Exercise description:
Return the data exactly, without pictures.

Dataset extract section start

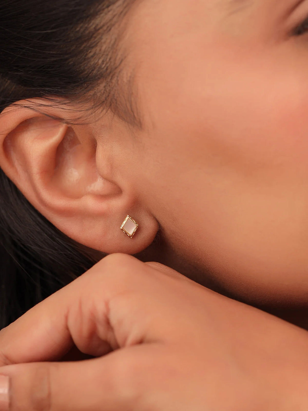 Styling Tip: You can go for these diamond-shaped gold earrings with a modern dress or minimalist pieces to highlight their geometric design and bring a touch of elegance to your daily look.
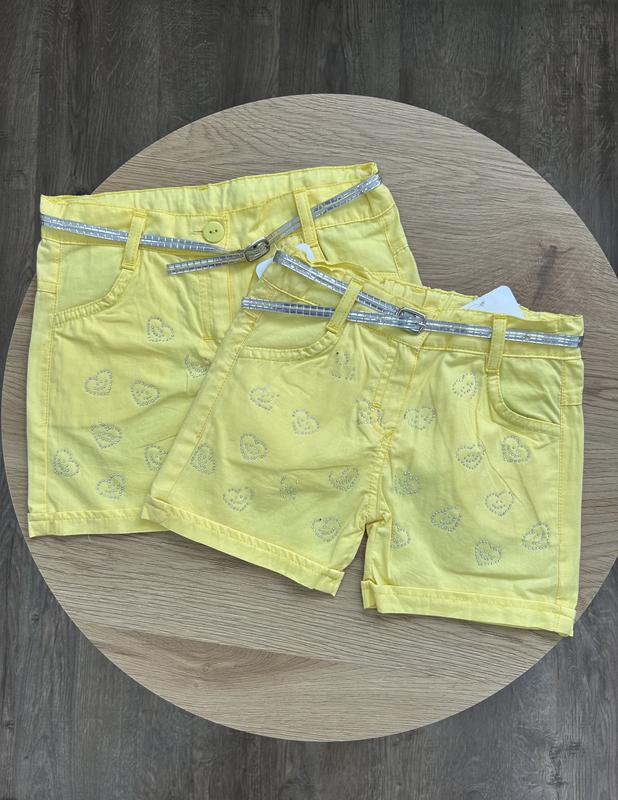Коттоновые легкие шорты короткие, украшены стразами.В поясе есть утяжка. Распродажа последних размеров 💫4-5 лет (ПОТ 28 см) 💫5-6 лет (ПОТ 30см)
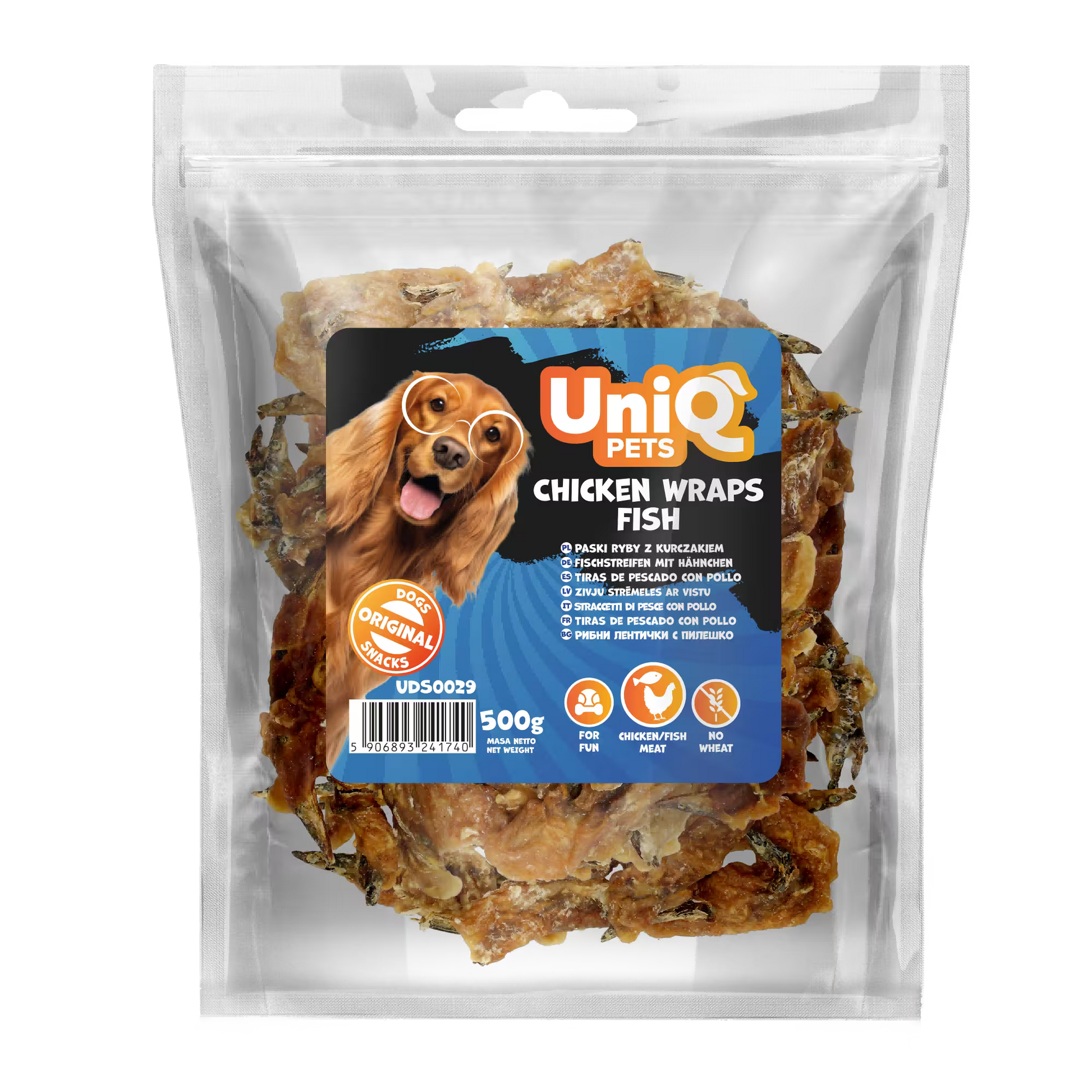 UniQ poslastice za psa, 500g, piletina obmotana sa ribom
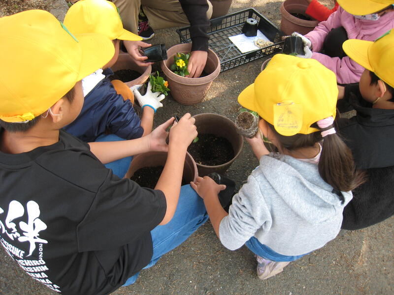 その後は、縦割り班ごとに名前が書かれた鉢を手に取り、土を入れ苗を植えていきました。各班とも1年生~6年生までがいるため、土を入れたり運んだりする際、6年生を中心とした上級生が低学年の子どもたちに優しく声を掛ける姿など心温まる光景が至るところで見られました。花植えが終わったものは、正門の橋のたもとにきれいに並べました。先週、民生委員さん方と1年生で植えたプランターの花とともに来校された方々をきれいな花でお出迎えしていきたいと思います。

Dataset extract section end

Response to the exercise:
 Styling Tip: You can go for these diamond-shaped gold earrings with a modern dress or minimalist pieces to highlight their geometric design and bring a touch of elegance to your daily look.
Коттоновые легкие шорты короткие, украшены стразами.В поясе есть утяжка. Распродажа последних размеров 💫4-5 лет (ПОТ 28 см) 💫5-6 лет (ПОТ 30см)
 UniQ poslastice za psa, 500g, piletina obmotana sa ribom
 その後は、縦割り班ごとに名前が書かれた鉢を手に取り、土を入れ苗を植えていきました。各班とも1年生~6年生までがいるため、土を入れたり運んだりする際、6年生を中心とした上級生が低学年の子どもたちに優しく声を掛ける姿など心温まる光景が至るところで見られました。花植えが終わったものは、正門の橋のたもとにきれいに並べました。先週、民生委員さん方と1年生で植えたプランターの花とともに来校された方々をきれいな花でお出迎えしていきたいと思います。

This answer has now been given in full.